The `networks` argument accepts a vector of network indices or `NULL` (all networks). The returned `data.frame` adds a `network` column identifying which network layer each edge belongs to.

### Contact Tracing

`get_partners()` extracts the partners of specified nodes from the cumulative edgelist:

```{r, eval = FALSE}
partner_list <- get_partners(
    dat,
    index_posit_ids,
    networks = NULL,
    truncate = Inf,
    only.active.nodes = FALSE
)
```

Arguments:

1. `dat`: the main list object.
2. `index_posit_ids`: a vector of positional IDs for the nodes of interest (the "indexes").
3. `networks`: which network layers to search (`NULL` for all).
4. `truncate`: only include edges that ended within this many steps (filters by edge age).
5. `only.active.nodes`: if `TRUE`, exclude partnerships with inactive (departed) nodes.

The output is similar to `get_cumulative_edgelists_df()` but with columns `index` and `partner` (both containing unique IDs) instead of `head` and `tail`. Note that indexes are specified by positional ID but the output uses unique IDs, since partners may include nodes that have already departed.

### Cumulative Degree

`get_cumulative_degree()` counts the number of distinct partners each node has had over the tracked history:

```{r, eval = FALSE}
cum_degree <- get_cumulative_degree(
    dat,
    index_posit_ids = 1:50,
    networks = NULL,
    truncate = Inf,
    only.active.nodes = FALSE
)
```

This returns a `data.frame` with columns `index_pid` (positional ID) and `degree` (cumulative partner count). It wraps `get_partners()` and counts unique partners per index.

## Reachability Analysis

Reachability functions determine which nodes can be connected through chains of partnerships over a time window. These are useful for outbreak investigation (forward reachability: who could a node have infected?) and source tracing (backward reachability: who could have infected a node?).

These functions operate on cumulative edgelist objects directly---not on `dat`---and are typically used for post-simulation analysis.

### Forward Reachable Set

```{r, eval = FALSE}
el_cuml <- get_cumulative_edgelist(dat, network = 1)

fwd <- get_forward_reachable(
  el_cuml,
  from_step = 1,
  to_step = 52,
  nodes = c(10, 25, 42),  # NULL for all nodes with edges
  dense_optim = "auto"
)
```

Returns a list with two elements:

- `reached`: a named list where each element contains the set of nodes reachable from each index node through chains of partnerships active during `[from_step, to_step]`.
- `lengths`: a matrix with one row per node and one column per time step (plus an initial column), showing how the reachable set grows over time.
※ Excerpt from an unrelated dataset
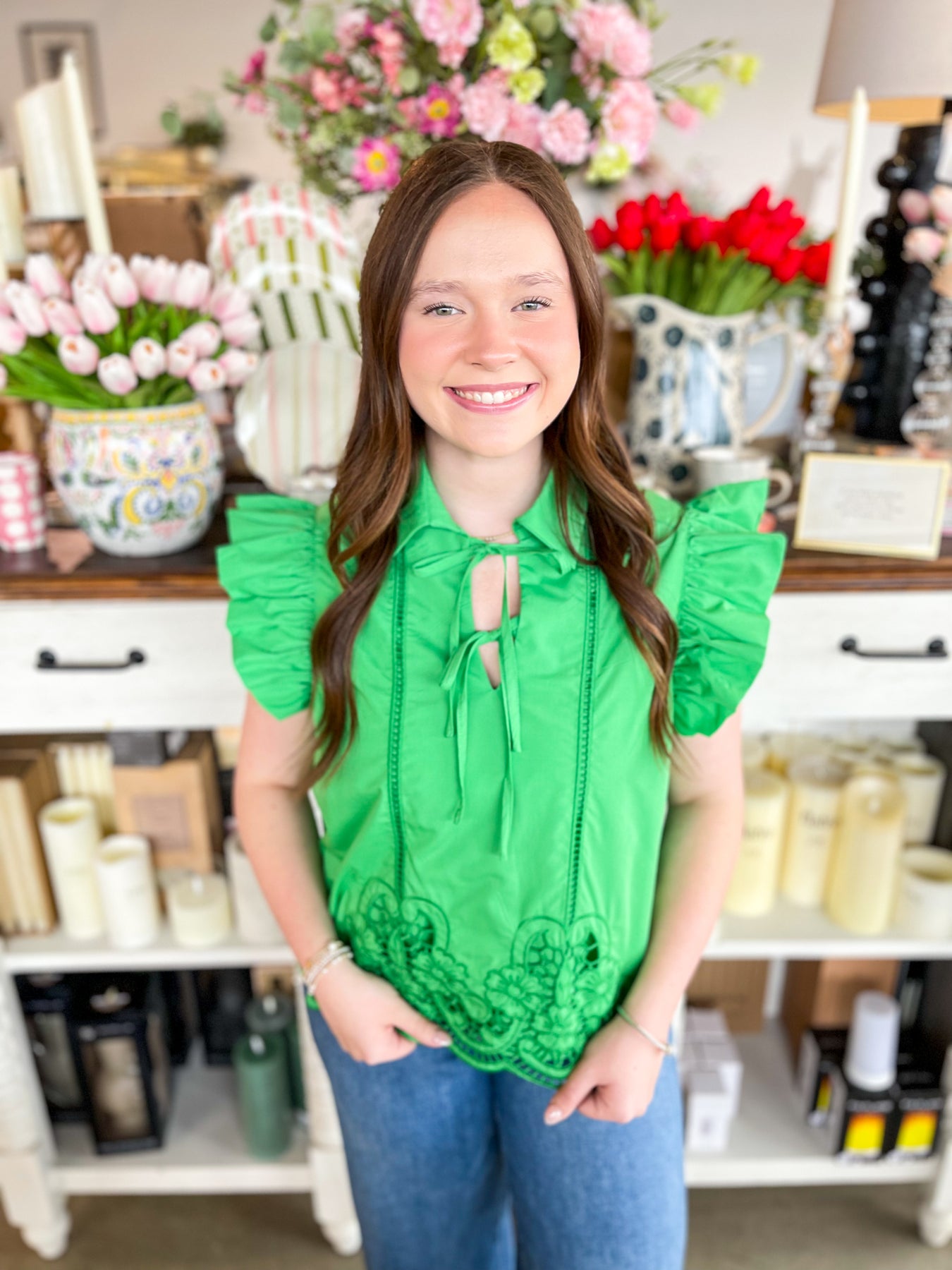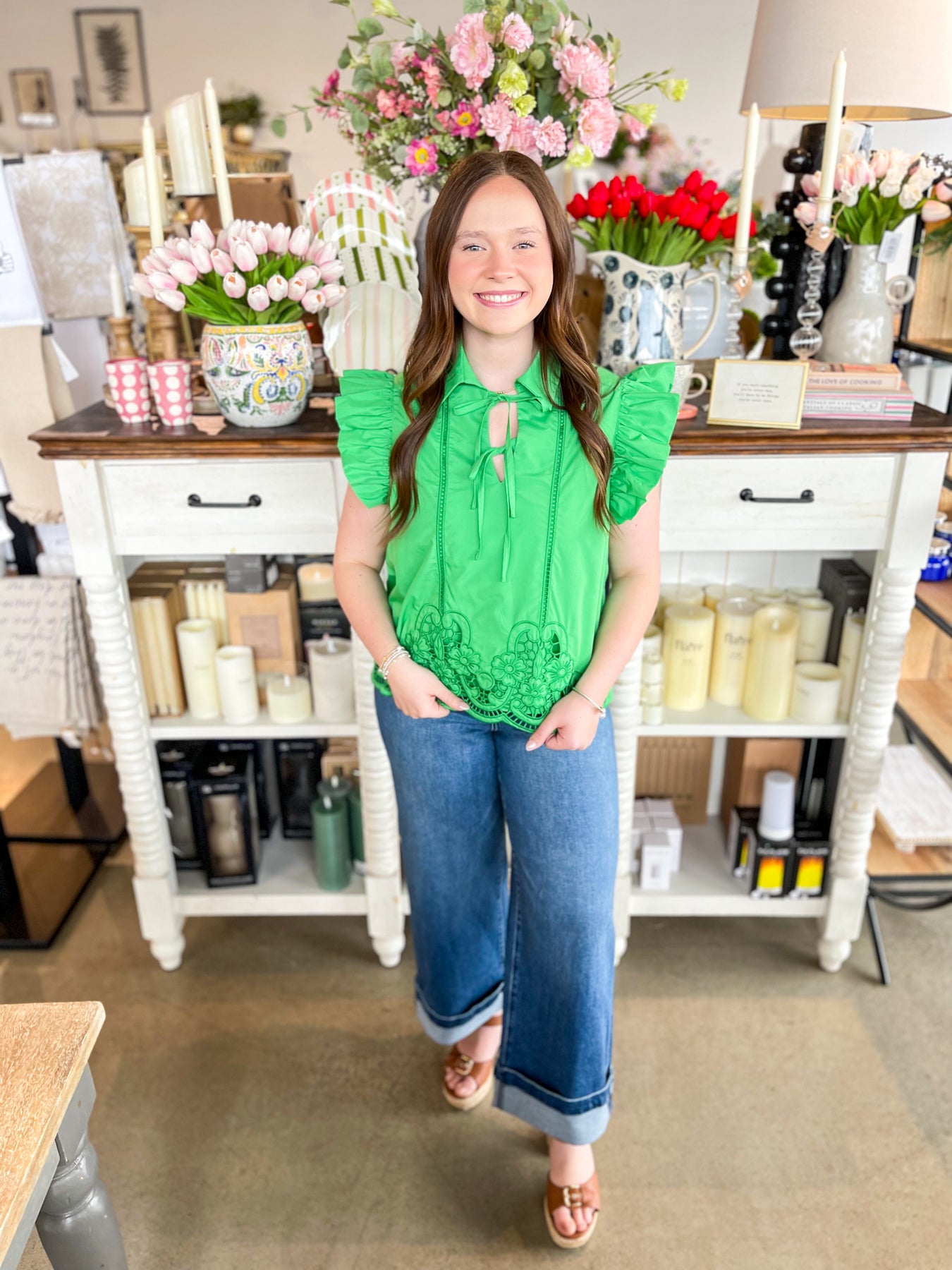 Elevate your wardrobe with this stunning green Isla top featuring delicate ruffle sleeves, eyelet lace at the hem, and a charming tie closure at the neckline. Perfect for creating effortless, on-trend looks, this piece combines contemporary style with feminine details. Whether you're dressing up for a night out or keeping it casual, this versatile top delivers the polished, stylish aesthetic you're looking for.

This allows back-calculating the distance to each reachable node.

Nodes are identified by unique ID in the output (named as `node_ID`). Nodes with no edges during the analysis period are excluded from the output; their forward reachable set is just themselves (size 1).

### Backward Reachable Set

```{r, eval = FALSE}
bkwd <- get_backward_reachable(
  el_cuml,
  from_step = 1,
  to_step = 52,
  nodes = c(10, 25, 42)
)
```

Same interface and output structure as `get_forward_reachable()`, but follows partnerships backward in time. This answers the question: which nodes could have reached this node through a chain of partnerships during the specified period?

### Performance Notes

Both reachability functions use the [progressr](https://progressr.futureverse.org/) package for progress reporting. Wrap calls in `progressr::with_progress()` to display a progress bar:

```{r, eval = FALSE}
progressr::with_progress({
  fwd <- get_forward_reachable(el_cuml, from_step = 1, to_step = 260)
})
```

These functions are efficient for large networks because they operate on cumulative edgelists (much smaller than full `networkDynamic` objects). For sets of more than 5 nodes, they are faster than iterating over `tsna::tPath()`. The `dense_optim` argument controls an adjacency-list optimization that helps with dense networks; `"auto"` enables it when the number of edges exceeds the number of nodes.